Per 1. Juli 2018 müssen gemäss gesetzlichen Vorgaben neu die offenen Stellen in jenen Berufsarten, welche eine schweizweite durchschnittliche Arbeitslosigkeit von 8 % überschreiten, vor ihrer öffentlichen Publikation dem Regionalen Arbeitsvermittlungszentrum RAV gemeldet werden. Innert 3 Tagen können die RAV sodann den Unternehmen Dossiers von geeigneten Kandidatinnen und Kandidaten zustellen. Während total 5 Tagen dürfen diese gemeldeten Stellen ausschliesslich auf der Stellenplattform der öffentlichen Arbeitsvermittlung publiziert bleiben, um so den auf dem RAV registrierten Stellensuchenden einen Informationsvorsprung zu gewähren. Eine Pflicht zur Anstellung besteht für die Arbeitgeber nicht und die administrative Belastung ist minimal.

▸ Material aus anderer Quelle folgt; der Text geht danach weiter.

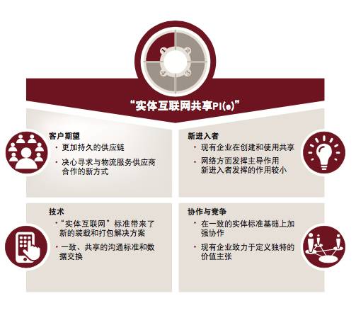 2011年乔治亚理工学院Benoit Montreuil教授首次提出“实体互联网共享(PI)”,意思是实物更具标准化并像网络数据包一样共享渠道,那么可能更有效转移。物流是最具“实体互联网共享”试验性质的行业。美国有535,000个配送中心,其中绝大部分单独运营 ,如果这些配送中心实现合作,将会节约多少成本,物流工作流程也将实现标准化,以获得最高效率。
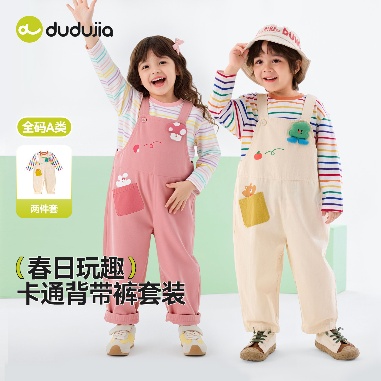 【100%棉】dudujia宝宝背带裤纯棉男童套装儿童上衣女童裤子洋气a
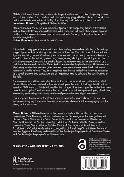 This collection engages with translation and interpreting from a diverse but complementary range of perspectives, in dialogue with the seminal work of Theo Hermans. It is important reading for translation scholars, researchers and advanced students on courses covering key trends and theories in translation studies.
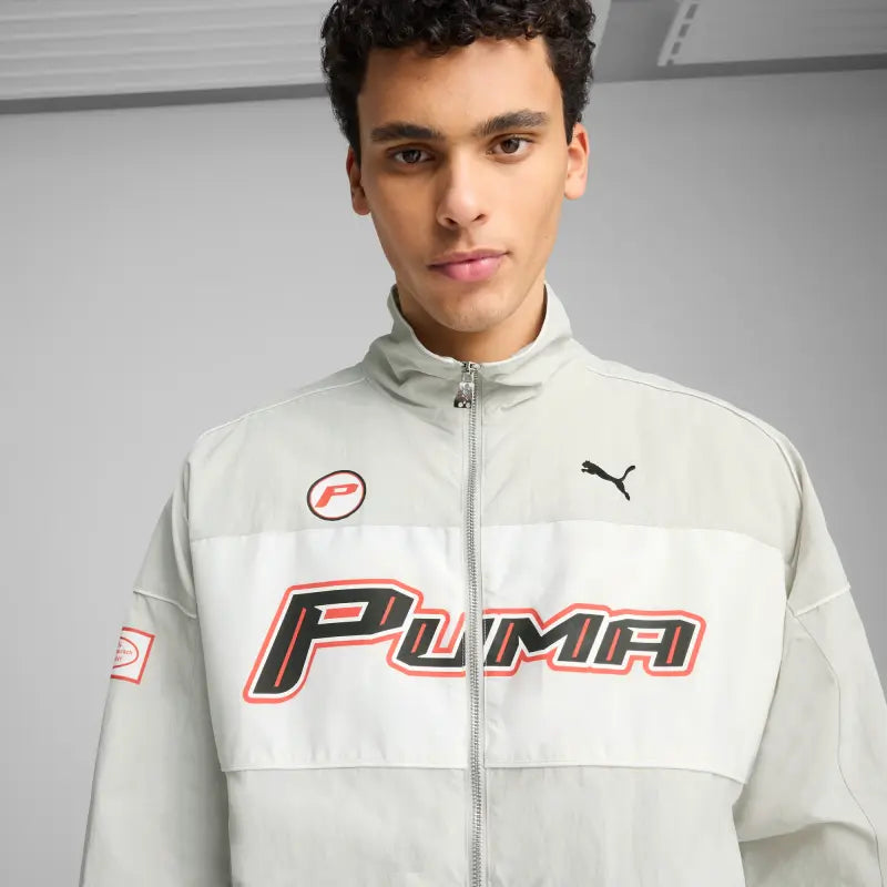 Step up your game with this PUMA track jacket. Featuring bold graphics, secure zipper pockets, and elastic cuffs, it's designed for those who love to make a statement. Feel the energy, embrace the vibe, and own your look.
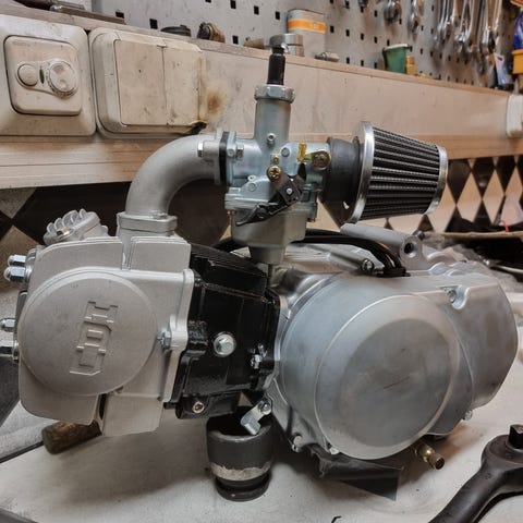 Siitä vain 5h ajettu lifan,aivankuin uusi toimii täydellisesti,mukaan kytkinvaijeri,alkuperäinen kaasutin,sähköt ja magneetonkoppa.vähän on tinkimisen varaa jo on hyvät syyt.
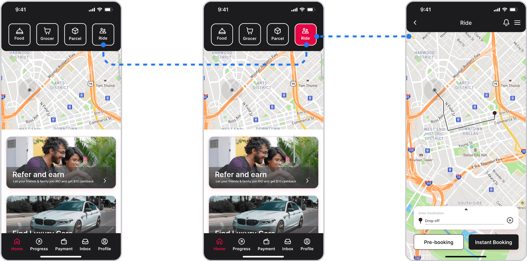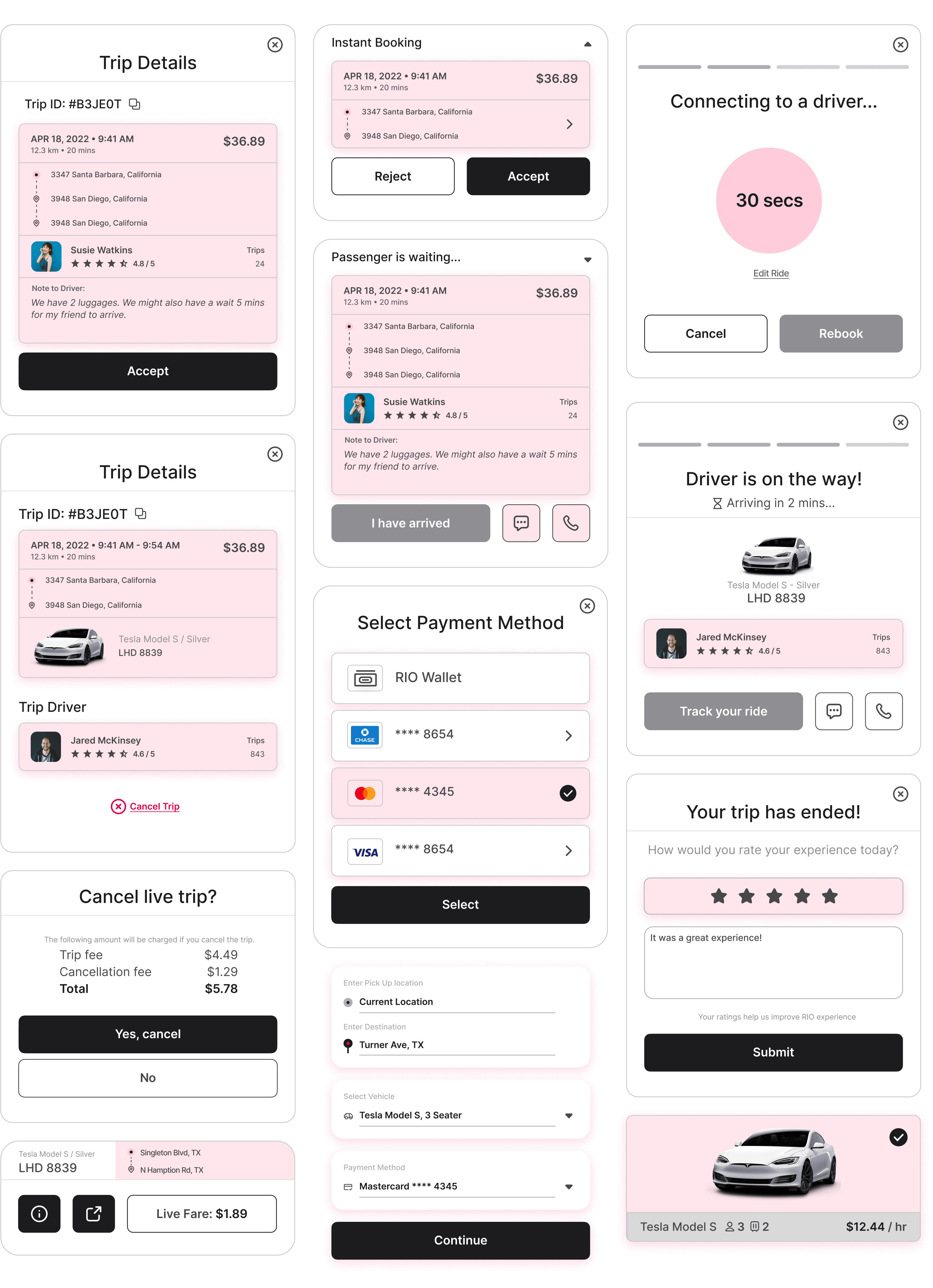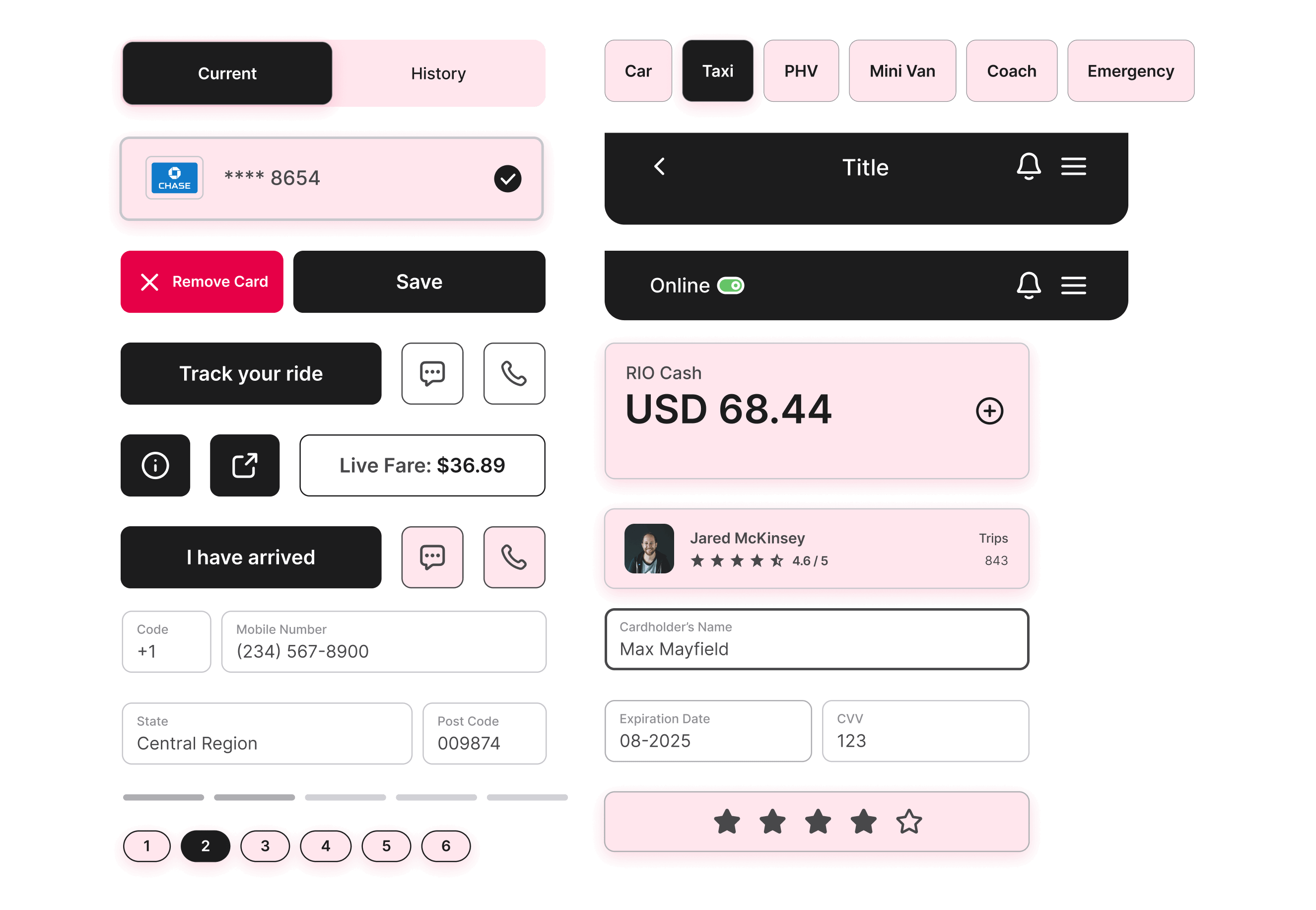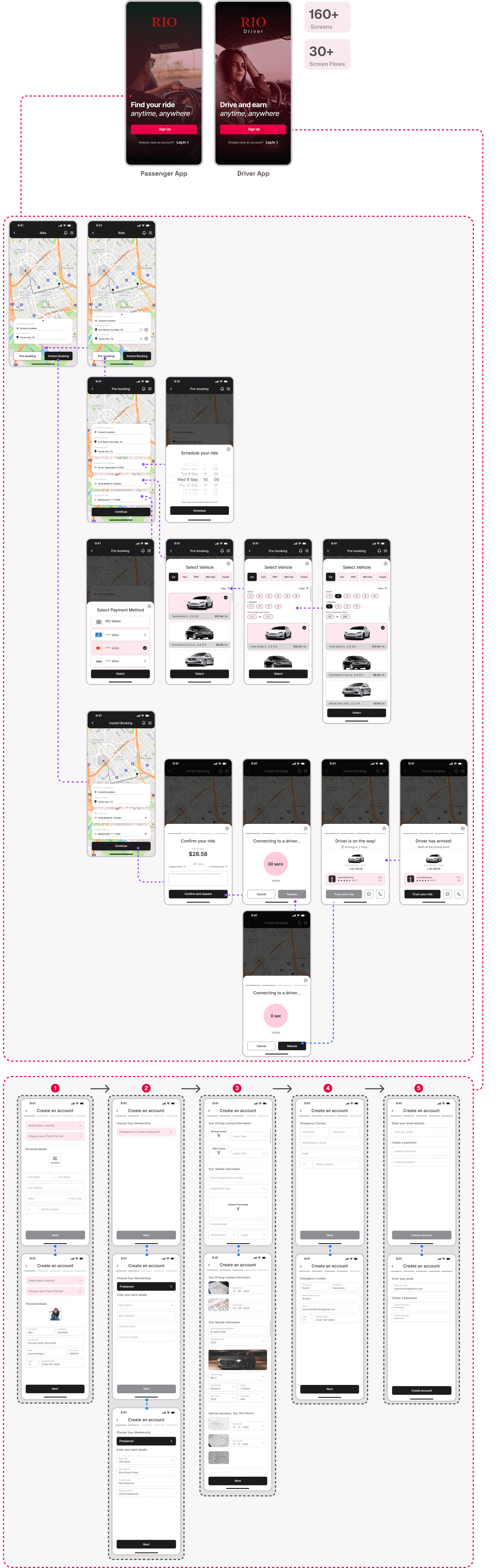 160+ Screens and 30+ Screen Flows for the ridesharing platform, one of the 5 core services of the RIO app.
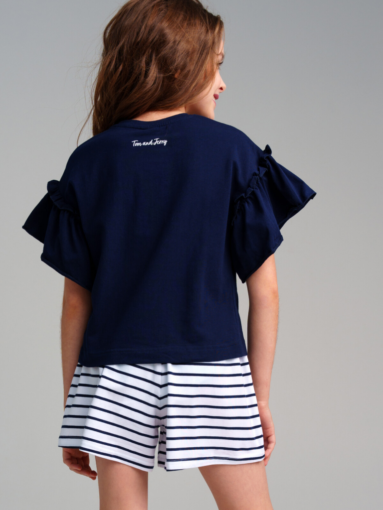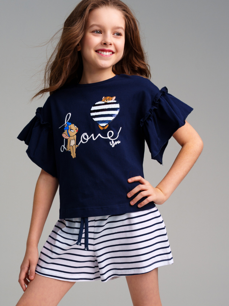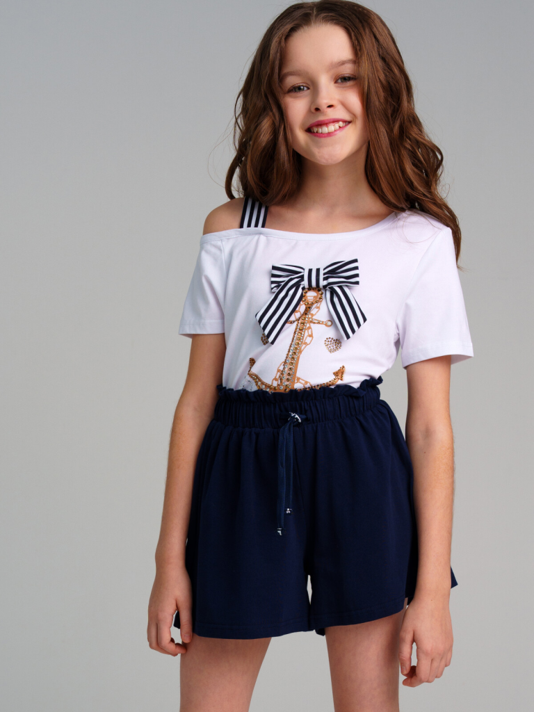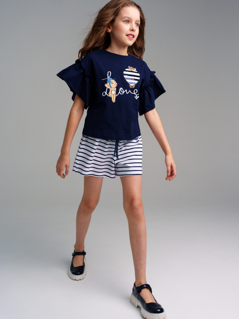 > Шорты трикотажные для девочек, 2 шт в комплекте тёмно-синий,белый
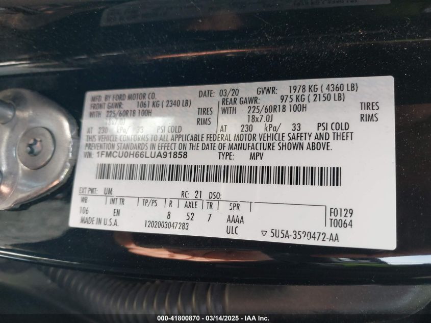 2020 FORD ESCAPE 2020 Gasoline, 1.5, Front wheel drive, VIN - 1FMCU0H66LU****** from the USA
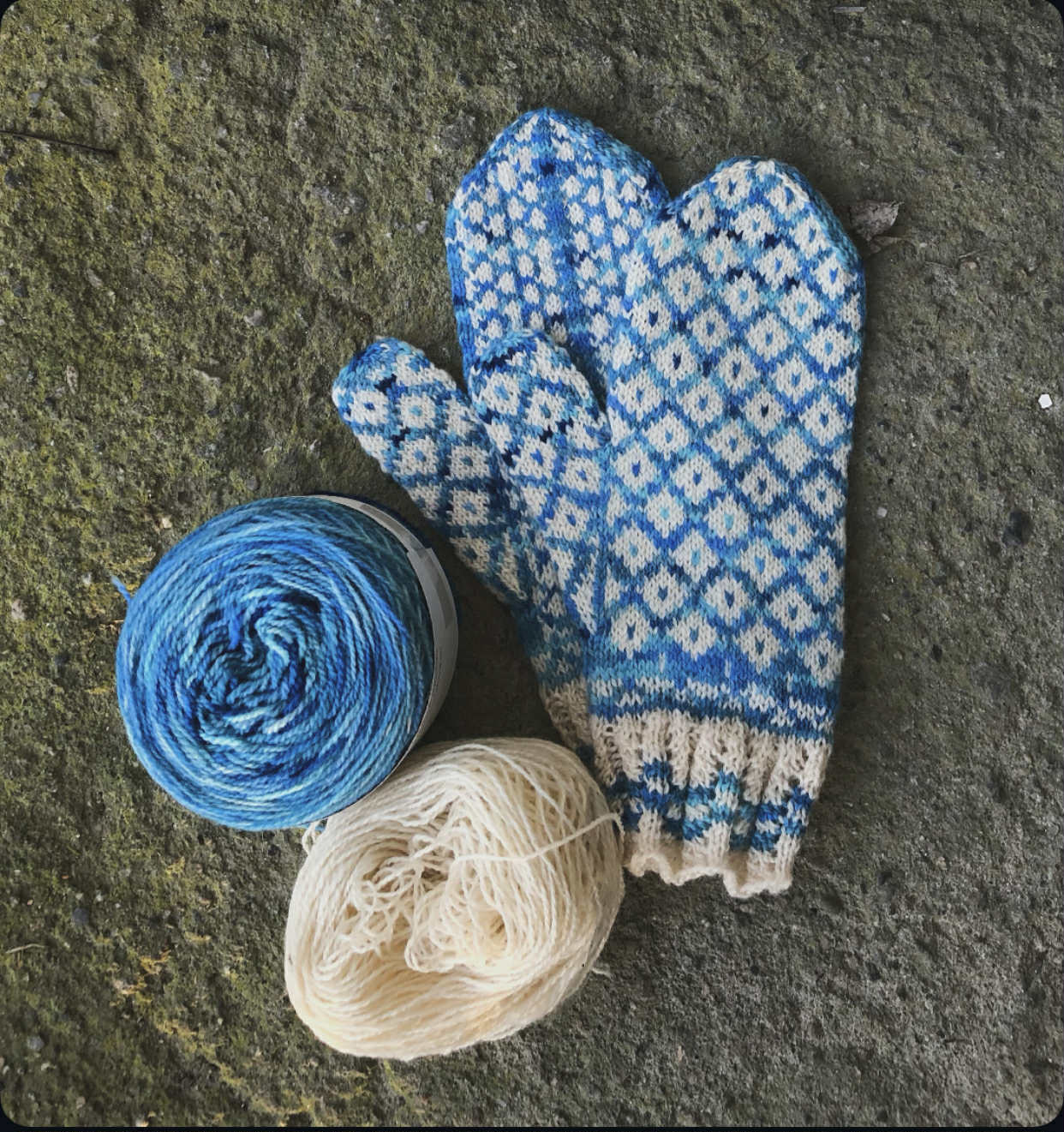 Garn: Håndfarget Finull fra Rauma. Farge på bilde: Blue Bay \ naturhvit.

Volk sagt Ja zur Steuerung der Zuwanderung

Bekanntlich hat das Schweizer Stimmvolk der Steuerung der Zuwanderung zugestimmt. Mit dem Ziel, die bilateralen Verträge nicht zu gefährden, hat das Parlament einen Weg gesucht, um den Volkswillen dergestalt umzusetzen, dass auf indirektem Weg die Zuwanderung zwar beeinflusst wird, aber keine Diskriminierung von Ausländerinnen und Ausländern moniert werden kann. Mit der Stellenmeldepflicht erhalten stellensuchende Inländer einen Informationsvorsprung und die RAV können den Kontakt zu Arbeitgebern, deren offene Stellen der Meldepflicht unterliegen, systematisch aufbauen. So wissen sie noch besser um die geforderten Kompetenzen und erbringen mit der Selektion geeigneter Kandidatinnen und Kandidaten eine individualisierte Dienstleistung.

Administration klein gehalten

Arbeitgeber können ihre offenen Stellen auf der Plattform arbeit.swiss online dem zuständigen RAV melden. Dabei muss aufgeführt sein, welcher Beruf für welche Tätigkeiten gesucht wird. Hinzu kommen Informationen über Arbeitsort, Pensum sowie den Termin des möglichen Stellenantritts und ob es sich um eine befristete oder unbefristete Stelle handelt. Dazu gehören ebenfalls Angaben zum Arbeitgeber sowie eine Kontaktperson. Sollte eine Onlineanmeldung nicht gewünscht sein, können diese Angaben auch telefonisch eingereicht werden. Die RAV selektieren aus den bei ihnen angemeldeten Stellensuchenden jene Dossiers, deren Übereinstimmung mit den gewünschten Fertigkeiten am höchsten ist, und übermitteln diese innert 3 Tagen dem Arbeitgeber. Dieser wiederum prüft die Unterlagen und lädt geeignete Kandidatinnen oder Kandidaten zum Gespräch ein. Vor einer öffentlichen Publikation muss ab der Stellenmeldung eine Wartefrist von 5 Tagen eingehalten werden. Sodann gibt der Arbeitgeber dem RAV eine Rückmeldung und somit sind die gesetzlichen Vorgaben erfüllt.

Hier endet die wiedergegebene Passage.